Posts that insult, defame, threaten, harass or abuse other readers or people mentioned in IBJ editorial content are also subject to removal. Please respect the privacy of individuals and refrain from posting personal information.
No solicitations, spamming or advertisements are allowed. Readers may post links to other informational websites that are relevant to the topic at hand, but please do not link to objectionable material.
We may remove messages that are unrelated to the topic, encourage illegal activity, use all capital letters or are unreadable.

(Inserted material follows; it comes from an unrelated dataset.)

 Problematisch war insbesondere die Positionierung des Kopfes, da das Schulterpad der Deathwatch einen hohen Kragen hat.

Messages that are flagged by readers as objectionable will be reviewed and may or may not be removed. Please do not flag a post simply because you disagree with it.

Sponsored by

facebook - twitter on Facebook & Twitter

Follow on TwitterFollow IBJ on Facebook:
Follow on TwitterFollow IBJ's Tweets on these topics:
thisissue1-092914.jpg 092914

Subscribe to IBJ
  1. Here are a few candidates for this new group, "ripped from the headlines." First up, that bizzaro State Senator Brent Waltz; secondly, the unethical Todd Huston, and his contractual arrangements scheme; Finally, but not least of all, the dishonorable Eric Turner. What sayeth you Greg Zoeller?

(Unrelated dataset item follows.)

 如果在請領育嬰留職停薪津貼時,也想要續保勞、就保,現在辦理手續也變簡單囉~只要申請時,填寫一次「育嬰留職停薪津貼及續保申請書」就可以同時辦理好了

  2. Good day. I can't hide this great testimony that take place in my life I will love everyone to know it and be partaker that is why I always place it on answer, I am Mrs,Natalie Cuttaia by name, I live in Texas, United State Of America, I want to thank (Mr.Bruce Brandon) for his kindness upon my family life. I never knew that there is still nice lender like this on internet and earth here. Just some Months Back, I was in search for a loan of $100,000,00 as I was running out of money for feeding and rent. I was scammed $6,800 Dollars and I decided not to involve my self in such business again but a Friend of my introduced me to a loan firm due to my appearance and doings. And I told him that I am not interested of any loan deal anymore but he told me that there is still a nice lender who he will recommend me to, and I made a trial and I am most grateful lucky am I today, I was given a loan amount of $100,000.00usd, by this great Company (Bruce Brandon Loan Company) managed by (Mr.Bruce Brandon) If you are in need of a genuine or legit loan or financial assistance and you can be reliable and trusted of capable of paying back at the due time of the funds I will advice you to, contact him via: ( bruce.brandon071@gmail.com ) And you will be free from scams in the internet. All thanks to Mr.Bruce Brandon You are the one who remove me and my family out of poverty. The reason why i am doing this is that, i promise Mr.Bruce Brandon that if i truly got my loan, i will advertize his company and bring customers to his company. Contact him via ( bruce.brandon071@gmail.com )for the Loan you have been looking for..

  3. Hello, We are firm Organization formed to help people in needs of helps,such as financial help. So if you are going through financial difficulty or you are in any financial mess,and you need funds to start up your own business,or you need loan to settle your debt or pay off your bills,start a nice business, or you are finding it hard to obtain capital loan from local banks,contact us today via email mrsroseberrywilkinsfunds.usa@gmail.com So do not let these opportunity pass you by because Jesus is the same yesterday, today and forever more. Please these is for serious minded and God fearing People. Your Name: Loan Amount: Loan Duration: Valid Cell Phone Number: Thanks for your understanding to your contact as we Await Regards Management Email:mrsroseberrywilkinsfunds.usa@gmail.com

  4. The question is, where could they build a new stadium? It seems in the past year, all the prime spots have been spoken for with potential projects. Maybe in the industrial wasteland area a block past Lucas Oil? I think it needs to be close to the core, if a new stadium is built.

  5. Aldi is generally a great shopping experience. Still, I'm sure YOU wouldn't want to shop there, which I consider a positive.